**Provided data**
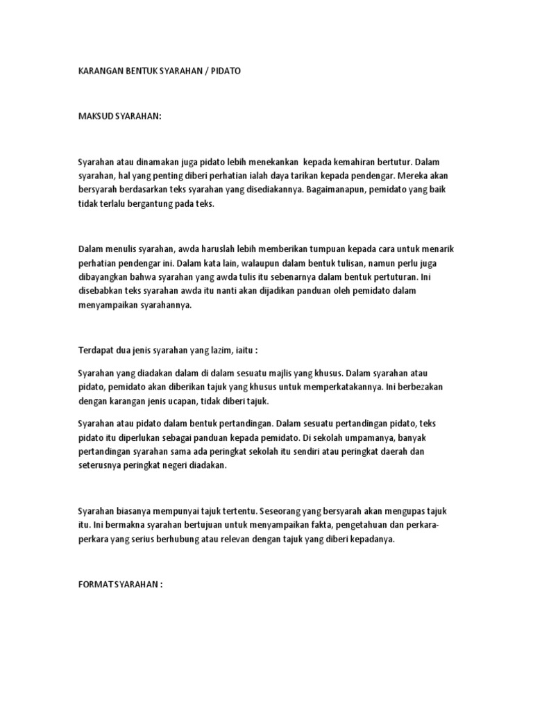 Contoh Menulis Karangan Syarahan
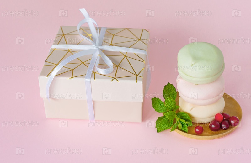 Подарочная коробка с домашним пастельным разноцветным зефиром. Яблочный зефир круглой формы. вкусный фруктовый десерт на розовом фоне
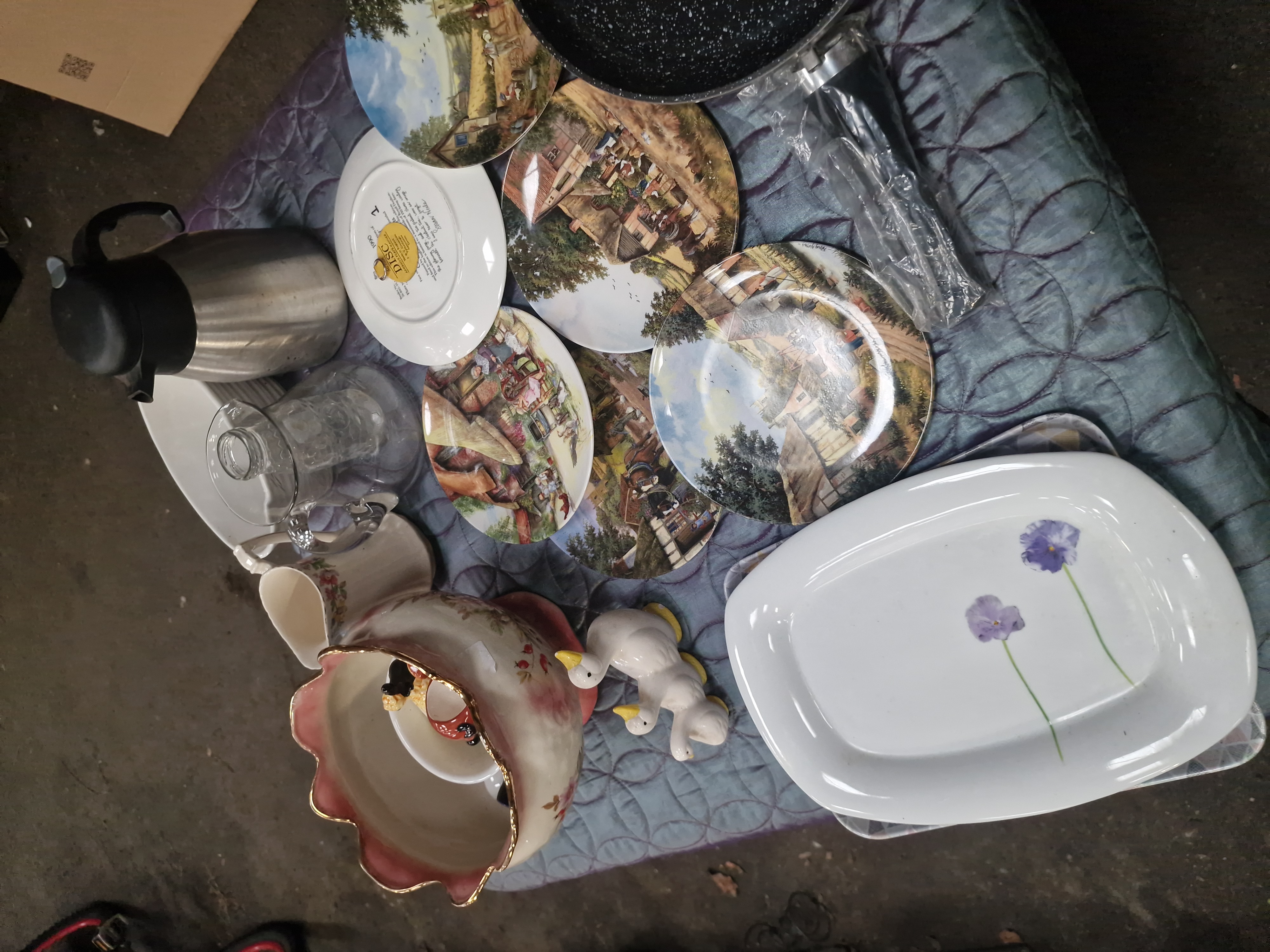 A mixed collection of late 20th-century decorative ceramics and functional kitchen items. The group includes several ceramic collector plates from The Village series, featuring transfer-printed English pastoral scenes, with reverse markings for DISC and dated 1990. Also present is a small ceramic plate bearing the printed signature of Jill Barklem. Decorative ceramic items comprise a large planter with a pink ruffled rim and floral motifs, an oval platter decorated with purple pansies, and various small bird figurines. The kitchenware includes a large black-and-white speckled non-stick frying pan with a wrapped handle, a stainless steel thermal carafe with a black plastic lid, and a clear glass dressing shaker printed with a balsamic vinaigrette recipe. Further items include a blue and white patterned bowl and a white scalloped-edge bowl with floral transfers.

**Work to complete**
The pictures in the listing above are to be dropped, and everything else reproduced exactly.

**Answer to this exercise**
 Contoh Menulis Karangan Syarahan
 Подарочная коробка с домашним пастельным разноцветным зефиром. Яблочный зефир круглой формы. вкусный фруктовый десерт на розовом фоне
 A mixed collection of late 20th-century decorative ceramics and functional kitchen items. The group includes several ceramic collector plates from The Village series, featuring transfer-printed English pastoral scenes, with reverse markings for DISC and dated 1990. Also present is a small ceramic plate bearing the printed signature of Jill Barklem. Decorative ceramic items comprise a large planter with a pink ruffled rim and floral motifs, an oval platter decorated with purple pansies, and various small bird figurines. The kitchenware includes a large black-and-white speckled non-stick frying pan with a wrapped handle, a stainless steel thermal carafe with a black plastic lid, and a clear glass dressing shaker printed with a balsamic vinaigrette recipe. Further items include a blue and white patterned bowl and a white scalloped-edge bowl with floral transfers.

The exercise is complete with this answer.